#### Dataset
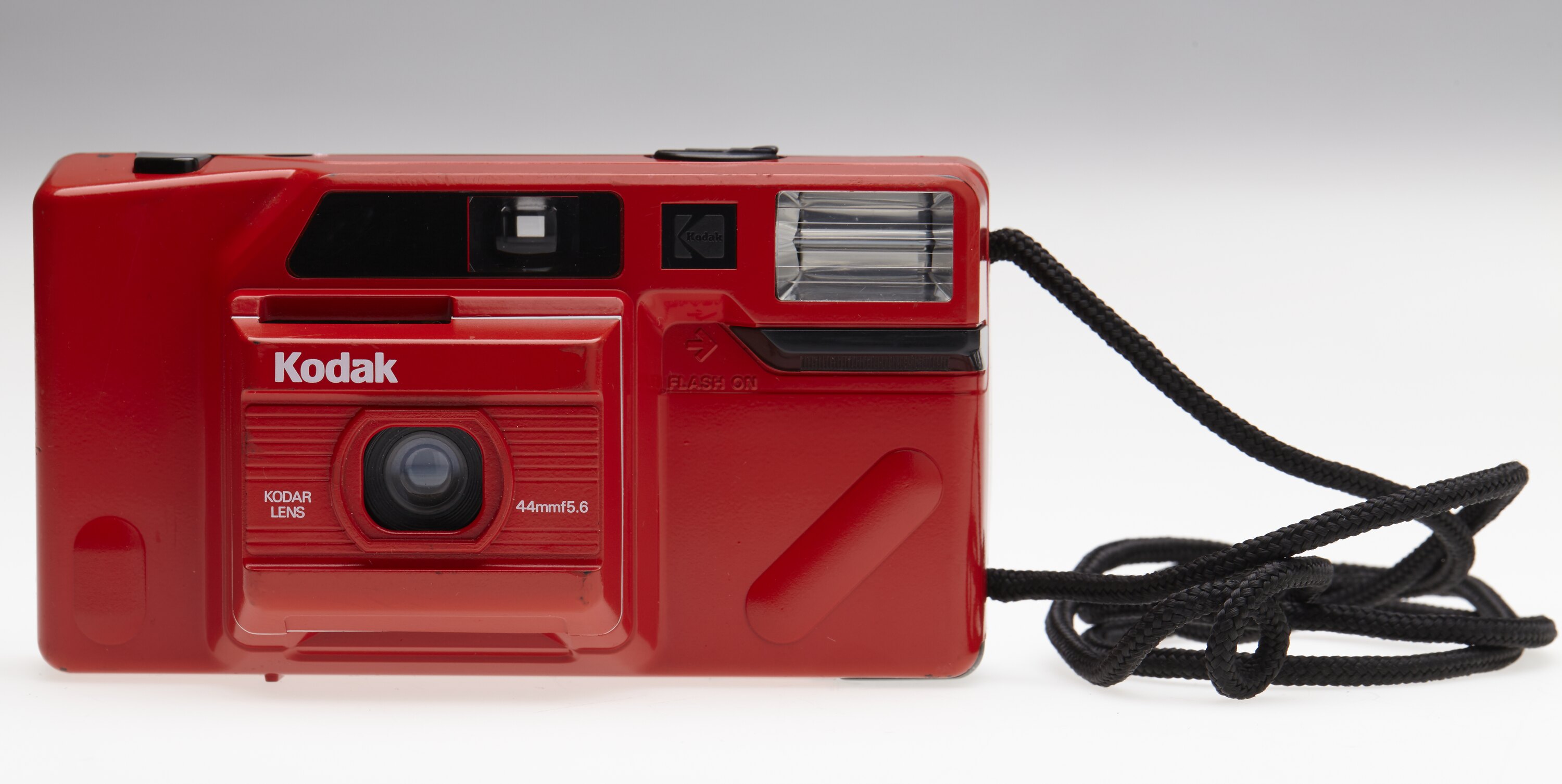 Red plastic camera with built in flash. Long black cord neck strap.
########
#### Dataset
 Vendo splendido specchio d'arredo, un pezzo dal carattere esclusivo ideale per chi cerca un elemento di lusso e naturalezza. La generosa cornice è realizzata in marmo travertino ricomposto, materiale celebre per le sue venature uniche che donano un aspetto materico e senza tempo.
########
#### Dataset
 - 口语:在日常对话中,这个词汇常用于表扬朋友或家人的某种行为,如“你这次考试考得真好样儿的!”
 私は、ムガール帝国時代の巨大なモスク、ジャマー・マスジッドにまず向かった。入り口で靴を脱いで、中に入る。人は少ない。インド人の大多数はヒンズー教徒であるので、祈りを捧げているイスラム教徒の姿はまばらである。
########
**What you should do:**
Of the lines above, extract only those from the line with "- 口语:在日常对话中,这个" to the line with "私は、ムガール帝国時代の巨大", both included, exactly as written.

**Task solution:**
 - 口语:在日常对话中,这个词汇常用于表扬朋友或家人的某种行为,如“你这次考试考得真好样儿的!”
 私は、ムガール帝国時代の巨大なモスク、ジャマー・マスジッドにまず向かった。入り口で靴を脱いで、中に入る。人は少ない。インド人の大多数はヒンズー教徒であるので、祈りを捧げているイスラム教徒の姿はまばらである。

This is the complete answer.